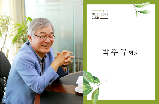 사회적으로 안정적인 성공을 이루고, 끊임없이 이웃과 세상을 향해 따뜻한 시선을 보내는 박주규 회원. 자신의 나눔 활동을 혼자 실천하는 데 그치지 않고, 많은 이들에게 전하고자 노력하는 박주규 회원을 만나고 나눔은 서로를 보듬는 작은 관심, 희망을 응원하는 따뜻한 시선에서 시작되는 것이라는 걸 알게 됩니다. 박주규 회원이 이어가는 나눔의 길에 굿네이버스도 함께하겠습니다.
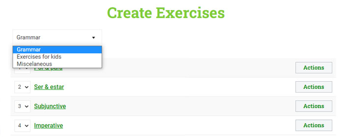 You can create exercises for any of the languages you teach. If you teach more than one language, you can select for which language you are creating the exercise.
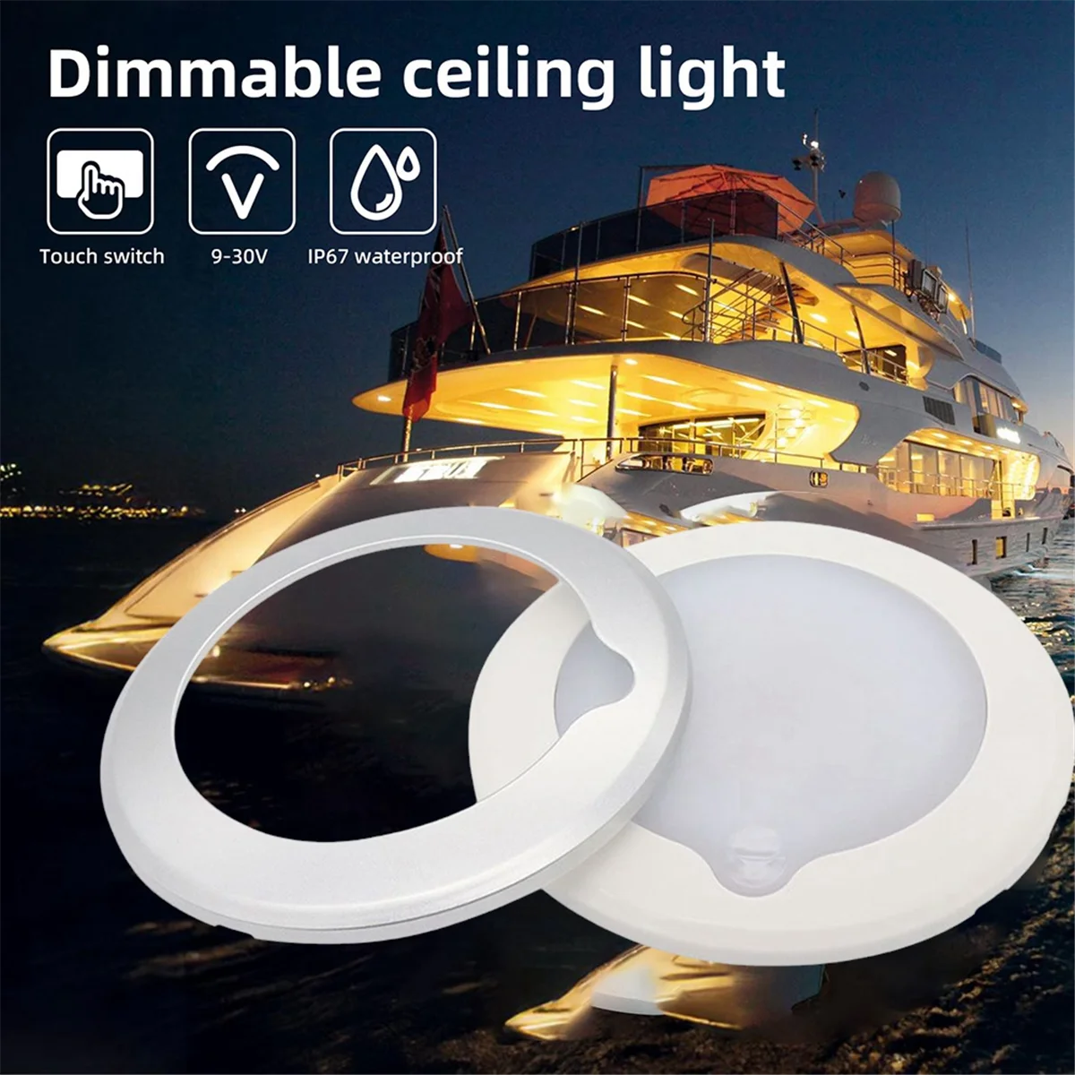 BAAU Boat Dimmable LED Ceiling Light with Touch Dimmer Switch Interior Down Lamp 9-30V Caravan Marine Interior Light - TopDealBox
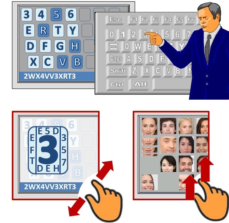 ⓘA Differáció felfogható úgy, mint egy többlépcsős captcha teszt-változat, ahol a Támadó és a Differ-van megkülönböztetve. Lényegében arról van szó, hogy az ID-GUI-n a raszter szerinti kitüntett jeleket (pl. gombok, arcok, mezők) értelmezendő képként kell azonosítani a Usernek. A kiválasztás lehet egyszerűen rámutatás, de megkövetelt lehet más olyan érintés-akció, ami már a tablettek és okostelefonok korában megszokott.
* * *
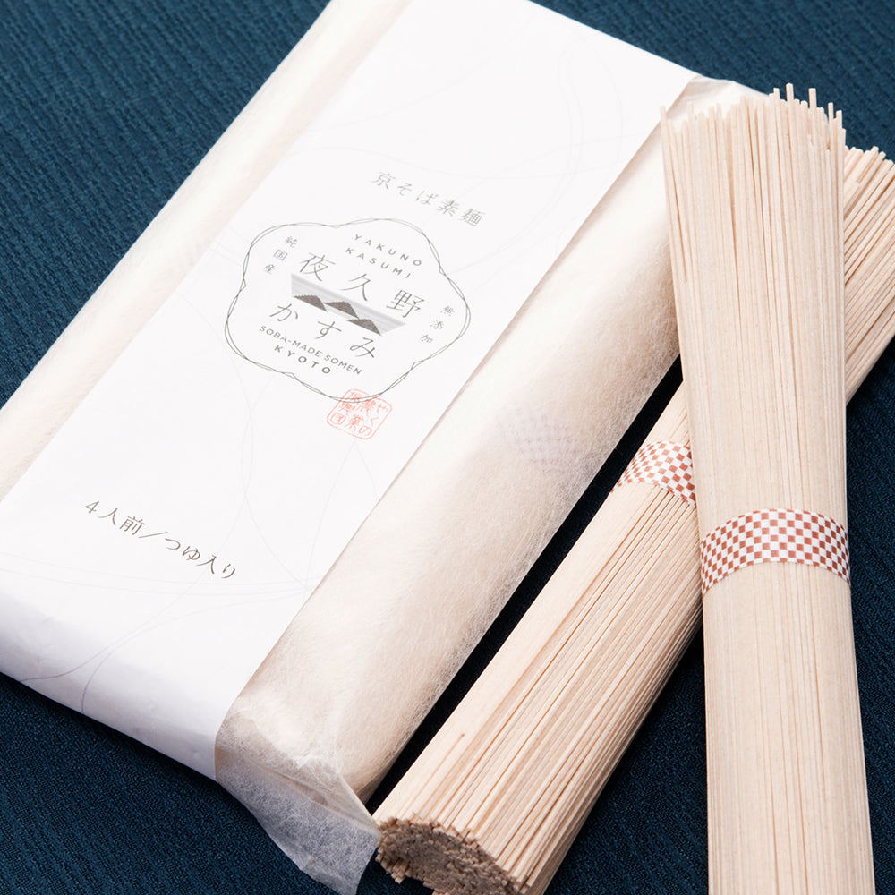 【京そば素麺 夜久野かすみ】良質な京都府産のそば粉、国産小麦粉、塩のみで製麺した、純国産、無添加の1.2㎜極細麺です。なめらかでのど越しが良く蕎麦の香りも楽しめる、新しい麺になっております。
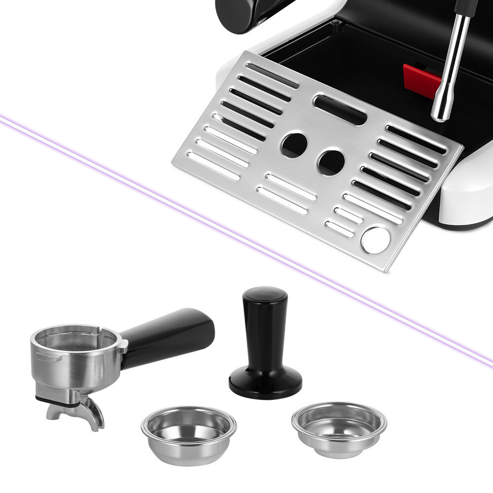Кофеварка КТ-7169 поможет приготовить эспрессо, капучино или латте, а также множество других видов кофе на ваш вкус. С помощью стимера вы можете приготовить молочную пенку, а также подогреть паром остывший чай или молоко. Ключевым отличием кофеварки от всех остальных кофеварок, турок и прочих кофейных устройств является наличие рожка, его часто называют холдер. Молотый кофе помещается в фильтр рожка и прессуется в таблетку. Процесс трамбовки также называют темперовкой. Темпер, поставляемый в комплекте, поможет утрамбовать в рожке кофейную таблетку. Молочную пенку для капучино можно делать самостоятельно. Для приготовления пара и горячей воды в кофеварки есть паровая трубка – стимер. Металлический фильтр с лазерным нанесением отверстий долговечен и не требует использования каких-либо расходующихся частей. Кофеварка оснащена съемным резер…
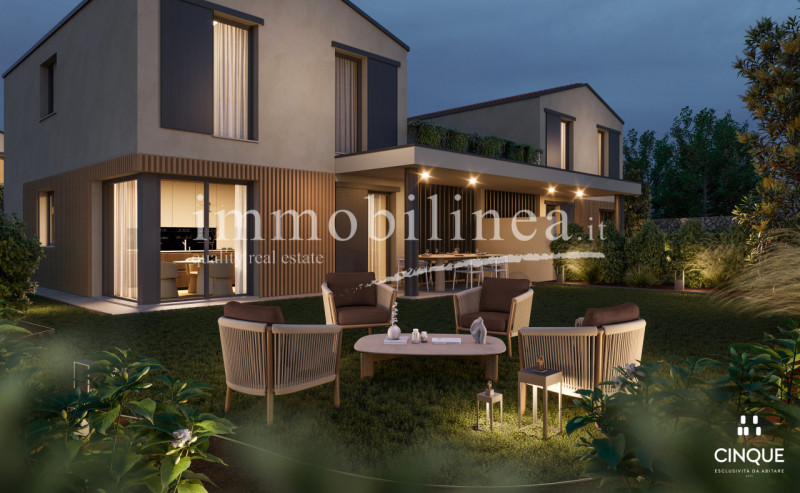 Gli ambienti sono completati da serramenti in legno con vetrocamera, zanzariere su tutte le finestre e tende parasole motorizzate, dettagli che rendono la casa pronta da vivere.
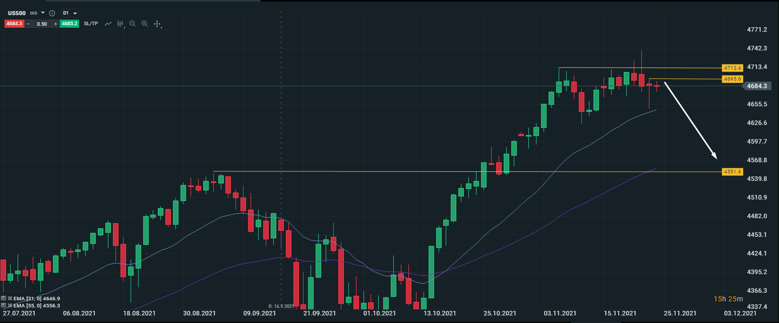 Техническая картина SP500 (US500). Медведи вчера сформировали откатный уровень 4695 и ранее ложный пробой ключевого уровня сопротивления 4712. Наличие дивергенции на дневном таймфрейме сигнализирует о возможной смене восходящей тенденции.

- **Work task**
Please copy out from the data above, without any picture, exactly the lines running from the one that holds "사회적으로 안정적인 성공을" through the one that holds "You can create", and nothing beyond them.

- **Completed task**
 사회적으로 안정적인 성공을 이루고, 끊임없이 이웃과 세상을 향해 따뜻한 시선을 보내는 박주규 회원. 자신의 나눔 활동을 혼자 실천하는 데 그치지 않고, 많은 이들에게 전하고자 노력하는 박주규 회원을 만나고 나눔은 서로를 보듬는 작은 관심, 희망을 응원하는 따뜻한 시선에서 시작되는 것이라는 걸 알게 됩니다. 박주규 회원이 이어가는 나눔의 길에 굿네이버스도 함께하겠습니다.
 You can create exercises for any of the languages you teach. If you teach more than one language, you can select for which language you are creating the exercise.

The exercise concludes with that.